[Items listed in a dataset]
※ ※ ※
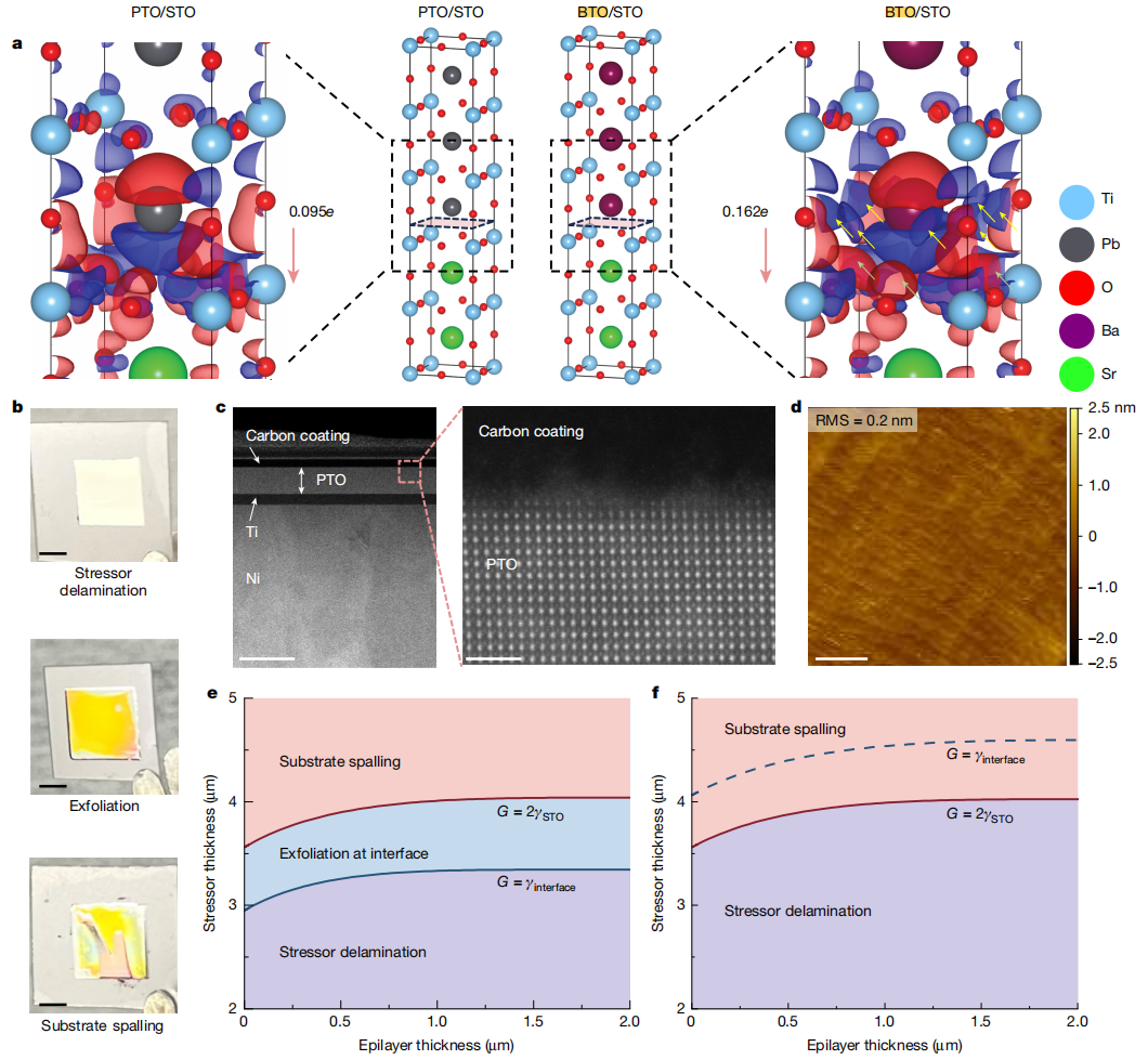 图2铅诱导界面弱化的理论与实验验证。(a)PTO/STO(左)与BTO/STO(右)界面的电荷转移DFT模拟(蓝色:电荷流失,红色:电荷富集)。(b)PTO薄膜从STO衬底剥离的三种裂纹模式:应力层脱层(上)、界面剥离(中)、衬底碎裂(下)。(c)剥离后STO衬底表面的原子力显微镜(AFM)图像,均方根粗糙度(RMS)为0.51 nm。(d)剥离PTO薄膜的电子背散射衍射(EBSD)取向分布图(上)与晶向偏差统计(下),峰值接近0°,半高宽0.38°。(e)剥离窗口的理论预测:仅当界面能低于薄膜和衬底表面能时,可实现精准剥离(PTO/STO案例)。(f)BTO/STO因界面能高,仅能通过衬底碎裂或应力层脱层剥离。© 2023 Springer Nature
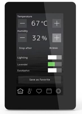 Сенсорные пульты управления бренда Tylo оснащены богатым функционалом и выполнены в лаконичном стильном дизайне. Пульт подключается по Wi-Fi, что обеспечивает мобильность управления. Установленное на смартфон приложение позволяет с легкостью управлять всеми настройками сауны, включая вентиляцию и ароматизацию помещения.
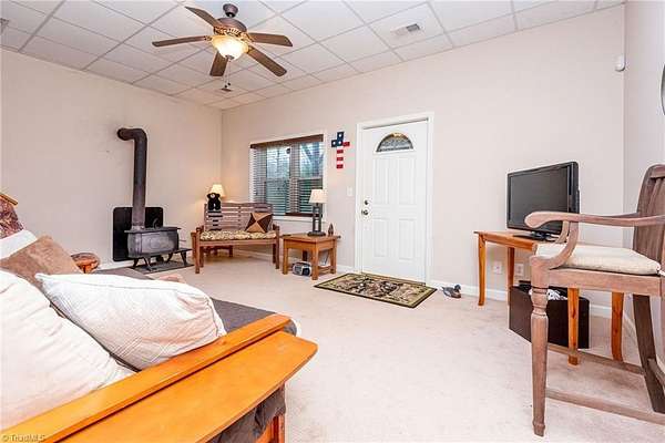 Nestled on 7 serene acres with a meandering creek, this 1.5-story home offers the perfect blend of rustic charm and modern comfort. The home showcases an open great room with soaring vaulted ceilings and a dramatic wall of windows that flood the space with natural light and offer peaceful views of the wooded surroundings. The main level features hardwood floors, a spacious living and dining area, and a well-equipped kitchen with solid wood cabinetry and stainless steel appliances. The finished walk-out basement adds valuable living space, ideal for a game room, den, or additional guest quarters. Offered fully furnished, this home is move-in ready—perfect for a full-time residence, weekend retreat, or vacation rental. Enjoy the outdoors from the expansive back deck or relax on the covered lower patio. Multiple storage buildings and gently sloping landscape and creek create an idyllic setting for gardening, exploring, or simply enjoying the beauty of nature.
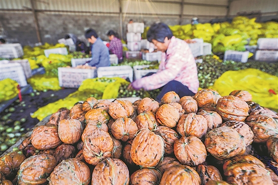 近年來,河北省遵化市的核桃種植銷售專業合作社適應市場需要,積極開展鮮核桃收購、加工、外銷工作,減少了晾曬儲存費用,增加了農民收入。新華社發 (劉滿倉 攝)
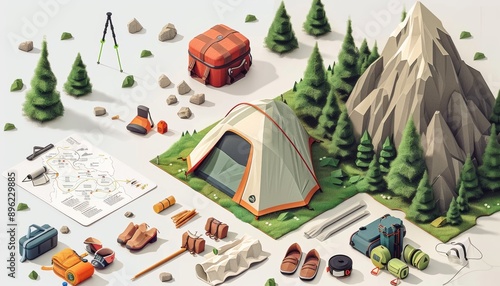 Visualize an ultra-sharp photo showcasing isometric hiking camping infographics, providing
※ ※ ※
▶ **What to produce**:
Any picture among the entries must be skipped; copy all else exactly.

▶ **Reply**:
 图2铅诱导界面弱化的理论与实验验证。(a)PTO/STO(左)与BTO/STO(右)界面的电荷转移DFT模拟(蓝色:电荷流失,红色:电荷富集)。(b)PTO薄膜从STO衬底剥离的三种裂纹模式:应力层脱层(上)、界面剥离(中)、衬底碎裂(下)。(c)剥离后STO衬底表面的原子力显微镜(AFM)图像,均方根粗糙度(RMS)为0.51 nm。(d)剥离PTO薄膜的电子背散射衍射(EBSD)取向分布图(上)与晶向偏差统计(下),峰值接近0°,半高宽0.38°。(e)剥离窗口的理论预测:仅当界面能低于薄膜和衬底表面能时,可实现精准剥离(PTO/STO案例)。(f)BTO/STO因界面能高,仅能通过衬底碎裂或应力层脱层剥离。© 2023 Springer Nature
 Сенсорные пульты управления бренда Tylo оснащены богатым функционалом и выполнены в лаконичном стильном дизайне. Пульт подключается по Wi-Fi, что обеспечивает мобильность управления. Установленное на смартфон приложение позволяет с легкостью управлять всеми настройками сауны, включая вентиляцию и ароматизацию помещения.
 Nestled on 7 serene acres with a meandering creek, this 1.5-story home offers the perfect blend of rustic charm and modern comfort. The home showcases an open great room with soaring vaulted ceilings and a dramatic wall of windows that flood the space with natural light and offer peaceful views of the wooded surroundings. The main level features hardwood floors, a spacious living and dining area, and a well-equipped kitchen with solid wood cabinetry and stainless steel appliances. The finished walk-out basement adds valuable living space, ideal for a game room, den, or additional guest quarters. Offered fully furnished, this home is move-in ready—perfect for a full-time residence, weekend retreat, or vacation rental. Enjoy the outdoors from the expansive back deck or relax on the covered lower patio. Multiple storage buildings and gently sloping landscape and creek create an idyllic setting for gardening, exploring, or simply enjoying the beauty of nature.
 近年來,河北省遵化市的核桃種植銷售專業合作社適應市場需要,積極開展鮮核桃收購、加工、外銷工作,減少了晾曬儲存費用,增加了農民收入。新華社發 (劉滿倉 攝)
 Visualize an ultra-sharp photo showcasing isometric hiking camping infographics, providing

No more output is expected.